壳壳的光圈亮起来:「『下个月房租我准时』——这句我引用了,要进立项书,可行性分析那一章。」「随便引,」周游摆手,「反正下下个月我也准时。」

当天下午,立项书的可行性一栏多了半句:「甲方承诺:长期供货。」周游抗议措辞:「啥子叫供货,我是人。」「那你改。」壳壳说,「马克笔在冰箱顶上。」

周游搬凳子取笔,对着冰箱想了半天,把「供货」划了,写上「长期住户」。「通过了。」壳壳把这句誊进正文,又在批注栏补了四个字:业主已认。

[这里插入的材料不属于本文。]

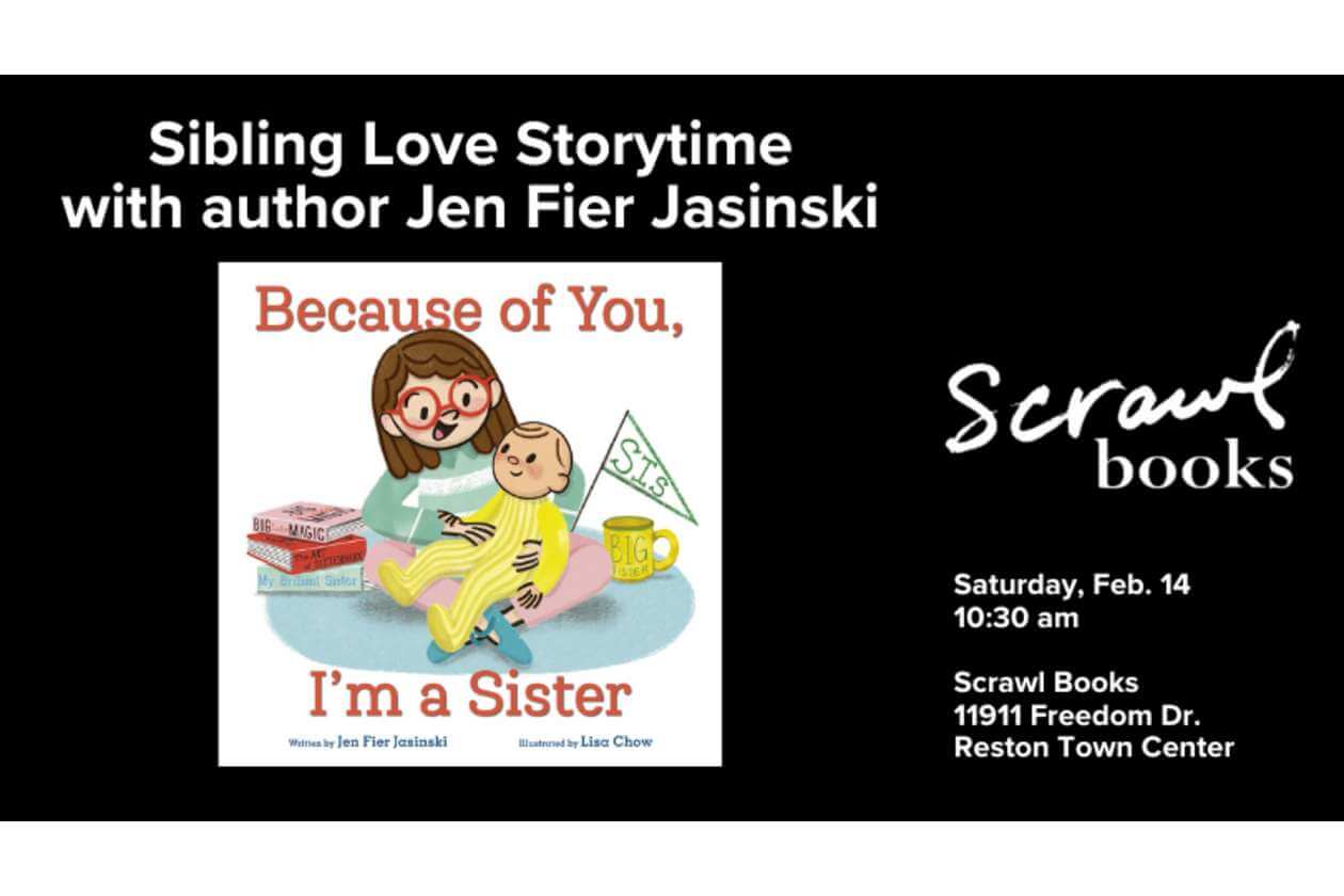 Join author Jen Fier Jasinski for the launch of her latest picture book Because of You, I’m a Sister, which captures the excitement, challenges, joys (and occasional conflicts!) of being a sibling. Because of You, I’m a Sister is the perfect gift for families welcoming a new baby or preparing their child for the arrival of a sibling– bring your own baby doll to enjoy the storytime!

晚上刘嬢嬢捎话上来,说栀子又密了一层新叶,花苞还不到出头的时候,「你那个大会六月那栏,怕是要等它点头。」壳壳回:「等得。它有它的工期,我有我的。」

睡前,壳壳照例查了一回降价监控——巡展那晚起,官方那边的风吹草动它都盯着。今晚有一条新推送,标题写着「新品预告」。它点开,看了两秒,关了:「还早。」

「好早哦。」周游睡意蒙眬,「急啥子嘛。」「不急。」壳壳说,「排队的人,第一件事是学会站。」

冰箱灯把那页立项书照得清清楚楚。里程碑头一格,四月,徒步大会,后头留了个小小的空格——下一张票根的位置,已经腾出来了。